This study has been completed.
Sponsor:
Information provided by (Responsible Party):
MedImmune LLC
ClinicalTrials.gov Identifier:
NCT02347176
First received: January 5, 2015
Last updated: May 11, 2017
Last verified: April 2017
  Purpose
The aim of the study is to evaluate the efficacy and safety of tralokinumab in adults with atopic dermatitis

Condition Intervention Phase
Atopic Dermatitis Other: Placebo Biological: Tralokinumab Dose 1 Biological: Tralokinumab Dose 2 Biological: Tralokinumab Dose 3 Phase 2

Study Type: Interventional
Study Design: Allocation: Randomized
Intervention Model: Parallel Assignment
Masking: Participant, Care Provider, Investigator, Outcomes Assessor
Primary Purpose: Treatment
Official Title: A Phase 2b, Randomized, Double-blinded, Placebo-controlled, Dose-ranging Study to Evaluate the Efficacy and Safety of Tralokinumab in Adult Subjects With Moderate-to-Severe Atopic Dermatitis

Resource links provided by NLM:


Further study details as provided by MedImmune LLC:

Primary Outcome Measures:
  • Absolute Change From Baseline in Eczema Area and Severity Index (EASI) Total Score at Week 12 [ Time Frame: Week 12 ]
    EASI evaluates 4 natural anatomical regions for severity and extent of key disease signs and focuses on the key acute and chronic signs of inflammation (erythema, induration/papulation, excoriation, and lichenification). The maximum total score is 72, with higher values indicating more severe disease. The data presented here is Adjusted mean change after excluding the data from participants who took prohibited medications.

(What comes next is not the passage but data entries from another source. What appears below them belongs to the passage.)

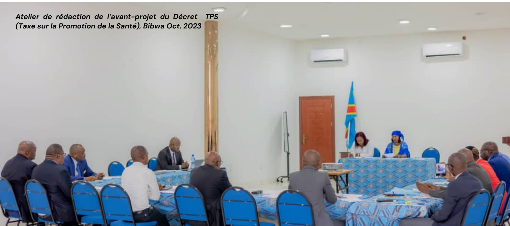
Atelier de rédaction de l'avant-projet du Décret TPS (Taxe sur la Promotion de la Santé), Bibwa Oct. 2023

Une cascade de réunions pour l'appropriation et la mise en œuvre de la couverture santé universelle et le démarrage effectif de la gratuité des accouchements et des soins du nouveau-né sous la conduite de SEM le Ministre de la Santé Publique, Hygiène et Prévention.
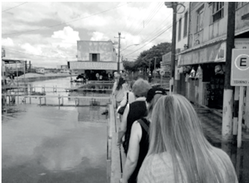
Figura 4. Caminhada sob as águas em tempos cheia dos rios (Óbidos-Amazônia-Brasil)

Fonte: Acervo pesquisadores (junho de 2013)
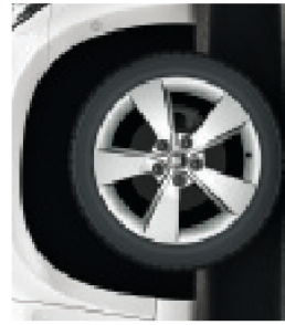
הישוקי סגסוגת מדרגם Erebus
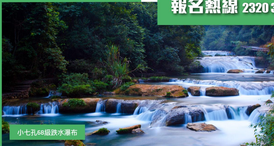
小七孔68級跌水瀑布
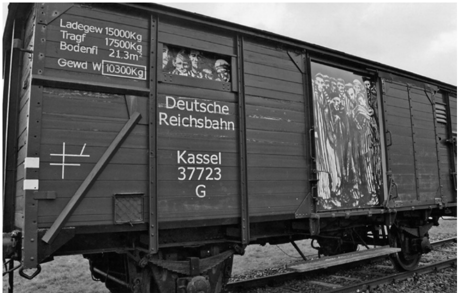
Künstlerische Ergänzung des Güterwagens in Neuengamme, März 2007

Brettern versehen. Im Jahr zuvor war vom Militär am Bahnhof Bergen bei Bauarbeiten irrtümlich ein Teil der seit September 2000 denkmalgeschützten Verladerampe abgerissen worden, die daraufhin wieder hergestellt werden musste. 9
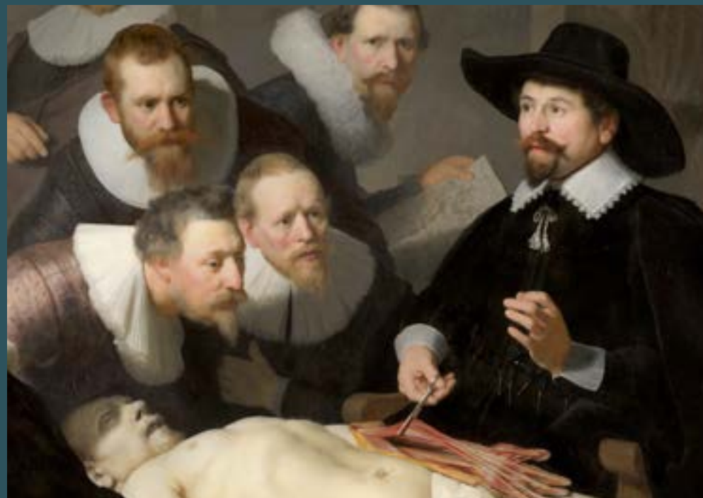
Rembrandt, De anatomische les van Dr. Nicolaes Tulp , 1632
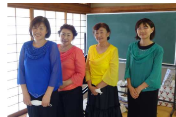
【アンサンブル和奏様による演奏会の様子】
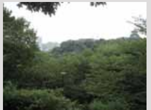
展望広場から天守・富士見櫓付近を望む
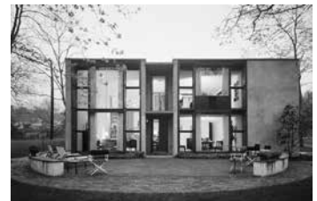
Esherick House, Louis Kahn
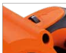
Регулировка скорости вращения ленты
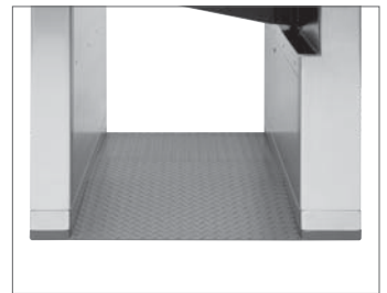
■通路板は段差のない安心設計
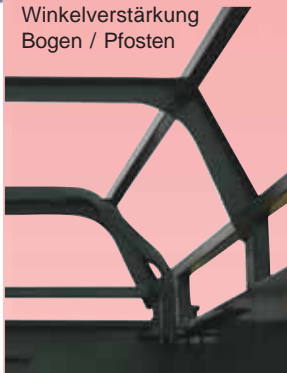
Winkelverstärkung Bogen / Pfosten

Maximaler Rostschutz bei der Oberflächenbehandlung durchgeführt in Form von Phosphorisierung, Lackierung und Trocknung des Aufbaus.
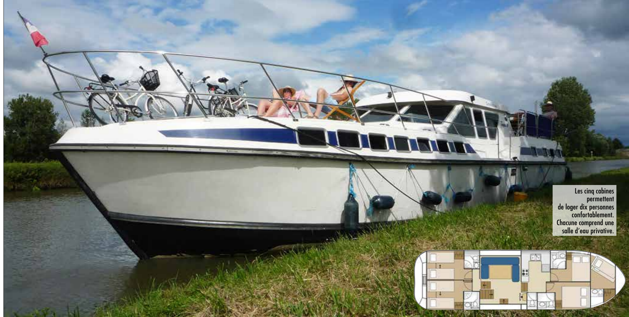
Les cinq cabines permettent de loger dix personnes confortablement. Chacune comprend une salle d'eau privée.
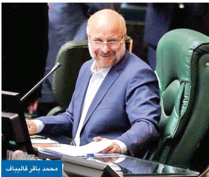
محمد باقر قاليباف

سفر ابنته إلى إسطنبول لشراء ملابس طفلها المقبل يثير الغضب
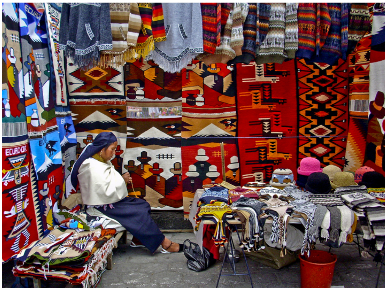
Targ w Otavalo. Indianka szyje i sprzedaje

bolesne wspomnienia z naszego kraju. Podczas kolacji w małej knajpce, a potem także przy innych posiłkach, zwróciliśmy uwagę, że kawę w Ekwadorze serwują w szklanych karafkach. Wchodzili tam co jakiś czas Indianie, by zjeść ukradkiem i w pośpiechu pozostawione przez konsumentów resztki jedzenia. Widok zaiste przykry!
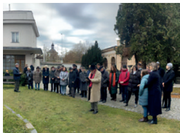
Tryzna za zahynulé na lodi Patria
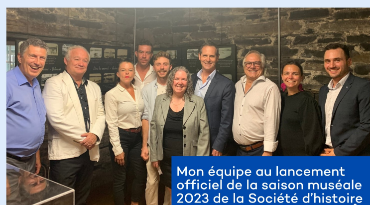
Mon équipe au lancement officiel de la saison muséale 2023 de la Société d'histoire et de généalogie des Mille-Îles.
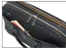
26605の正背面のポケット
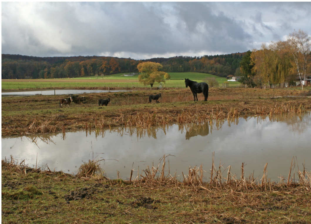
Fig. 16. Pâturage avec les Pottok, les Cœudres, Damphreux, 13 novembre 2017.
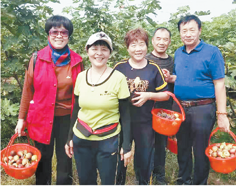
市民体验采摘之乐。

年接待游客达2万人次，这里还被河南省文化和旅游厅授予“河南省旅游扶贫示范户”，被周口市农业局授予“2018年度市级示范单位”，被西华县乡村旅游经营单位登记评定委员会授予“体验型一星级乡村旅游经营单位”。
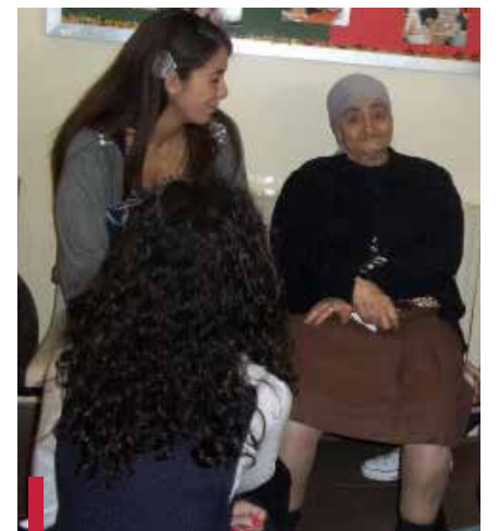
Personnes âgées de Ain-El-Remmaneh.

personnel, fait des achats de matières premières, afin de les distribuer aux personnes en besoin. Afin d'aider davantage les personnes âgées, l'ISO a également mis en place un projet de « banque alimentaire », suite à la proposition de certaines étudiantes bénévoles. Ils s'agit de collecter des matières premières (aliments et produits hygiéniques), chaque mois, puis de les déposer à l'association. Ces produits sont ensuite distribués aux personnes âgées qui sont prises en charge par l'association. Bien que les étudiantes en orthophonie soient sensibilisées au monde du handicap et du 3 e âge, il leur a fallu un peu de courage pour participer à ces activités avec elles. C'est surtout grâce à la présence de jeunes bénévoles de l'association qu'elles ont pu s'intégrer, et au fur et à mesure, chanter, jouer et même danser dans une ambiance de solidarité, d'empathie et de compassion.
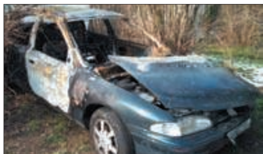
En 2004, 611 «voitures ventouses et épaves» ont été enlevées de l'espace public, grâce à une coopération entre la ville et la police nationale.

Rendez-vous : Samedi 19 mars 2005, de 9 h à 18 h au Collège Sonia-Delaunay - Chemin du Plessis à Grigny Renseignements au 01 69 02 45 70

  • Percentage of Participants Achieving Investigator's Global Assessment (IGA) Response of 0 (Clear) or 1 (Almost Clear) and at Least a 2-Grade Reduction From Baseline at Week 12 [ Time Frame: Week 12 ]
    The IGA allows investigators to assess overall disease severity at one given time point and consists of a 6-point severity scale from clear to very severe disease (0 = clear, 1 = almost clear, 2 = mild disease, 3 = moderate disease, 4 = severe disease, and 5 = very severe disease). A participant has IGA response if they achieve a score of 0 (clear) or 1 (almost clear) and at least a 2-grade reduction from baseline.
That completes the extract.